John Richard Wolfe (1832-1915) was an Irish missionary serving with the Church Missionary Society in Fuzhou, China from 1862 to 1915.

Biography 
Wolfe was born in 1832 near Skibbereen, County Cork, Ireland, which at that time was part of Great Britain.  

He entered the Church Missionary Society College, Islington, London in 1857. In 1861 he was ordained a deacon at St Paul's Cathedral and in December of that year he sailed for Hong Kong from where he was assigned as a missionary minister to Fuzhou, Fujian. He was ordained a priest at St John's Cathedral, Hong Kong, in 1863.   

Wolfe spent the rest of his life in Fuzhou until his death in 1915. He is described as "the chief instrument in the remarkable ingathering in the Fuh-kien Province." He was made Archdeacon of Fuzhou in 1887 and Vice-President of the CMS in 1910. He was the first and only Vice-President not to be a Bishop.

After his death, the Synod in Fuzhou, with both Chinese and European members decided to commemorate his life and work by building a cathedral in his memory. Christ Church Cathedral (Cangxia Church) was opened in 1927. The duilian (Antithetical_couplet) running down the left hand side of the entrance translates as "With the ancient moon shining upon modern men we commemorate Archdeacon Wolfe who ministered here." Wolfe's name in Chinese sounded very like ancient moon and this became the nickname of one who was also known as 'The Fukien Moses'. He is still remembered by name in Fukien by many present day congregations.  

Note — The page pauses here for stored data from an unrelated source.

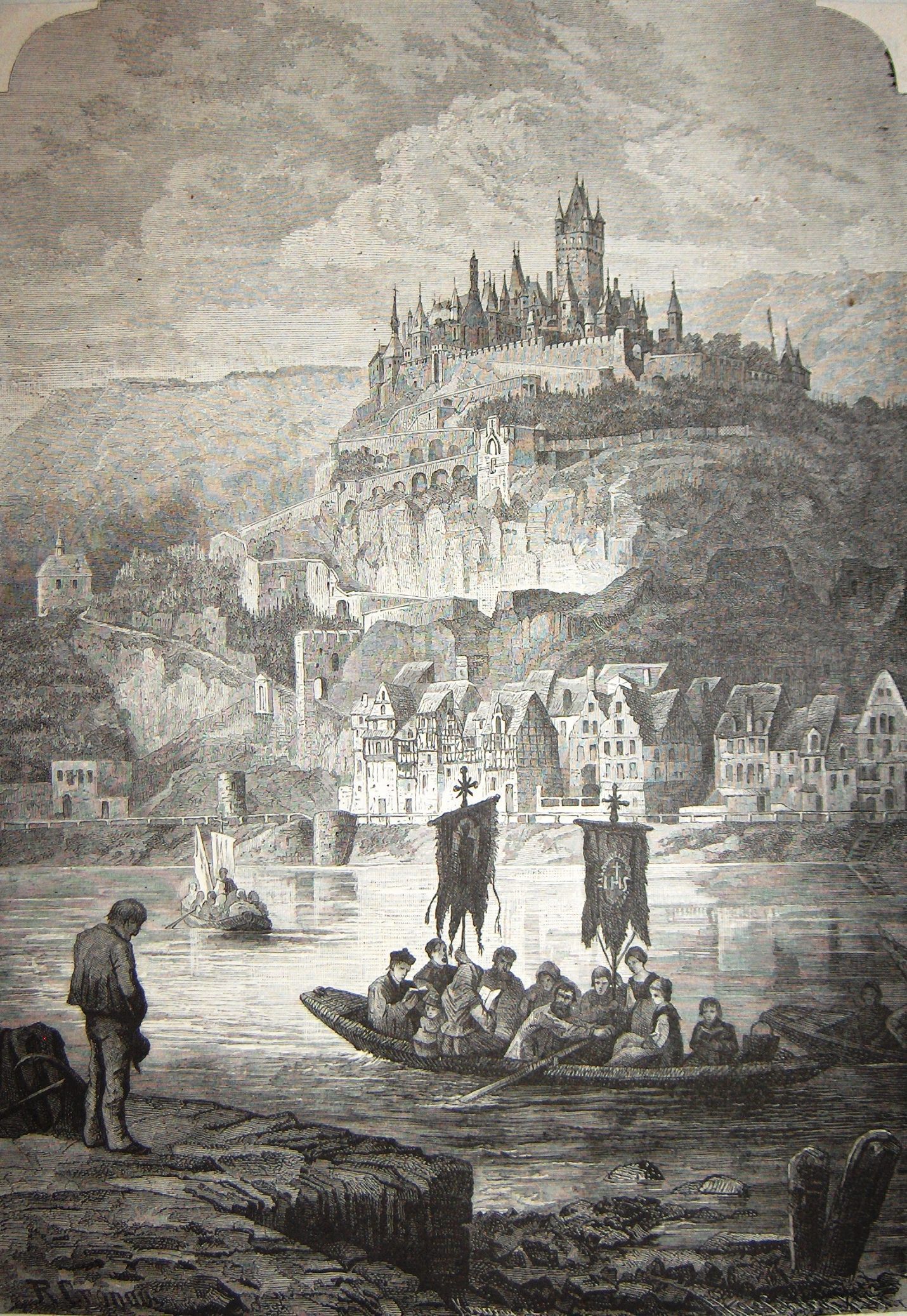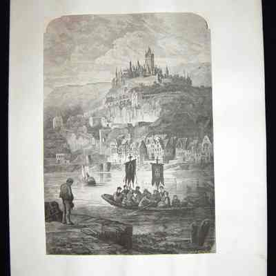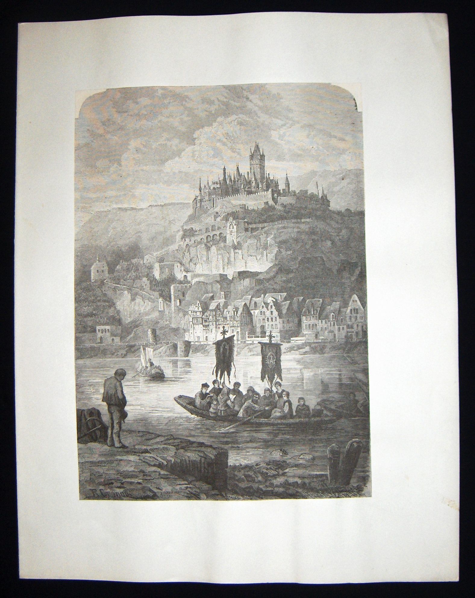Ink, Paper, Print, Lithograph, Ink, Paper, Print, Lithograph, Town, Rowers, Boats, Shore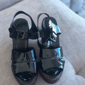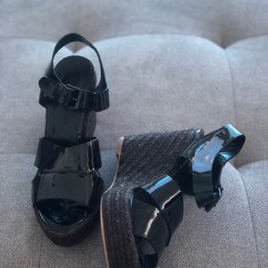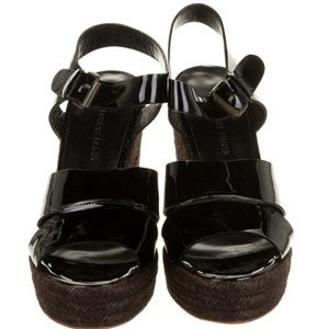 Patent leather Tila March wedge sandals with buckle closures at ankles and jute heels. Includes box.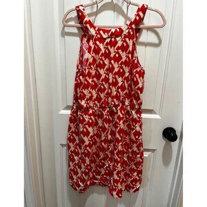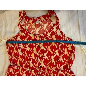 - Red and off white patterned knee length dress. 4 faux silver buttons down middle of chest. Drawstring waist gives lots of stretch.

Wolfe translated a number of works into the local dialect including the Book of Common Prayer, several catechisms, the Gospel of St Matthew, and the Book of Joshua. He was responsible for the building of a number of churches and schools in Fuzhou and other centres across Fukien.

In 1864 Wolfe married Mary Ann Maclehose in Hong Kong. She predeceased him in 1913. Of their family of three boys and three girls, the girls Minnie, Annie and Amy all became missionaries and served in Fuzhou. His son Charles received medical training and worked in hospitals in the city.

References

Further reading
 J. R. Wolfe, Annual Letters and other correspondence in the Archives of the Church Missionary Society, Cadbury Research Library: Special Collections, University of Birmingham.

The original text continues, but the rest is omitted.